Bodhini et al. systematically review the evidence on sociodemographic, clinical, behavioral, and molecular factors that modify the effect of interventions for type 2 diabetes prevention. The certainty of evidence that such factors modify the effectiveness of lifestyle and behavioral interventions is low to very low.
Lim et al. perform a systematic review and meta-analysis to identify participant characteristics associated with response to gestational diabetes prevention. Characteristics such as BMI, polycystic ovary syndrome and being in the preconception phase could determine responses to certain preventive interventions.
Semple et al. review the literature to assess the effects of pharmacologic or surgical interventions in monogenic insulin resistance when stratified by genotype. The evidence guiding genotype-specific treatment of monogenic insulin resistance is of low to very low quality, but suggestive of benefits of metreleptin, thiazolidinediones, and rhIGF-1.

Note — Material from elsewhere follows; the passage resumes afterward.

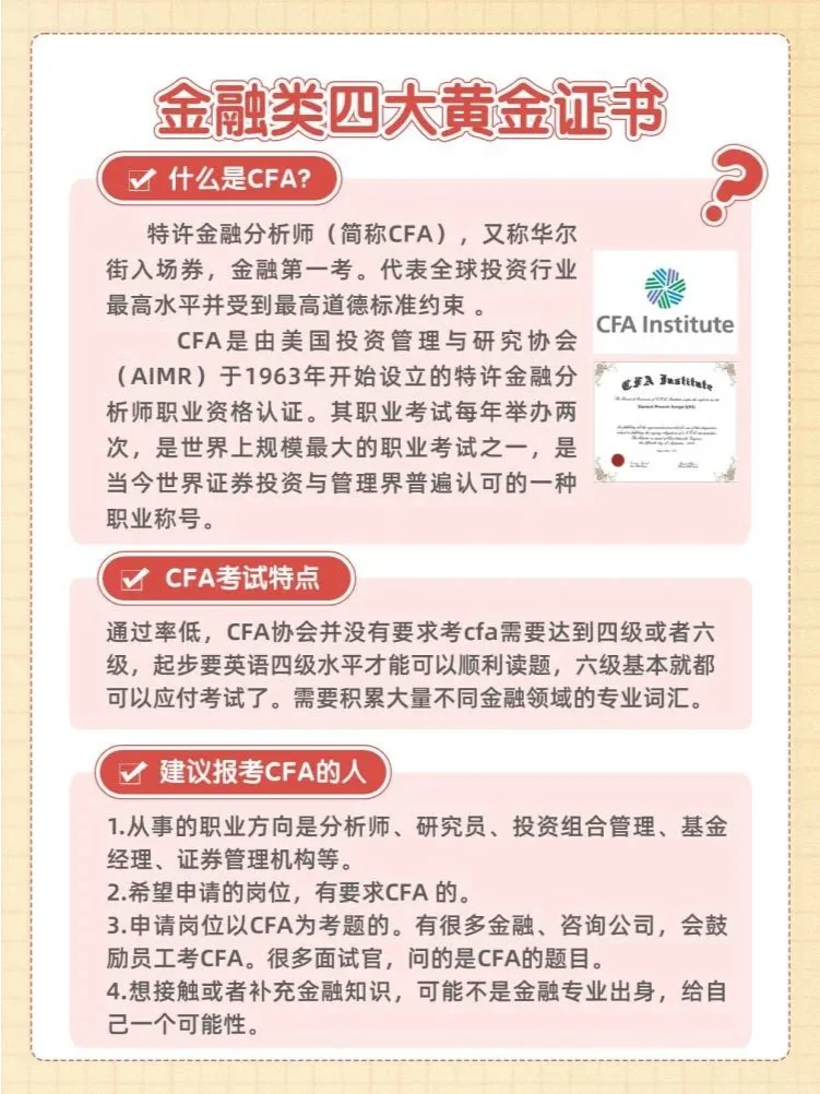金融行業(yè)4大熱門證書:CPA、CFA、ACCA、FRM

Felton et al. conducted a systematic review to evaluate studies testing disease-modifying therapies and features linked to treatment response for type 1 diabetes prevention. While the quality of prevention and intervention trials is found to be high, precision analyses on factors associated with treatment response are of poorer quality.
Misra, Wagner et al. systematically review if strategies to subclassify type 2 diabetes (T2D) are associated with high quality evidence and patient outcomes. Cluster-based stratification yields T2D subtypes that associate with outcomes, suggesting subclassification could have future clinical use.
Jacobsen, Sherr et al. evaluate the utility of novel technologies in the treatment of type 1 diabetes. Their systematic review finds technologies such as continuous glucose monitoring, insulin pumps, and decision support tools improve important measures (e.g., HbA1c, time in range, quality of life) allowing precision-directed uptake of technology.
Benham, Gingras, McLennan, Most, Yamamoto, Aiken et al. conduct two systematic reviews and meta-analyses to evaluate whether a precision-based medicine approach can be adopted to improve the clinical management of gestational diabetes (GDM). They find some precision markers that may improve the treatment course of GDM but further research is needed.
Murphy, Kevin, Pollin et al. perform a systematic review of the evidence on the criteria used to select individuals with diabetes for genetic testing and of the evidence for the optimal methods for variant detection in genes involved in monogenic diabetes. Based on the findings the authors make recommendations and highlight challenges for the field.
Young, McInnes, Massey et al. systematically review published studies evaluating features associated with heterogenous treatment effects for SGLT2-inhibitor and GLP1-receptor agonist therapies in people with type 2 diabetes. They find limited current evidence on treatment effect heterogeneity, for glycaemic, cardiovascular and renal outcomes.
A systematic review of evidence, across the key pillars of prevention, diagnosis, treatment and prognosis, outlines milestones that need to be met to enable the broad clinical implementation of precision medicine in diabetes care.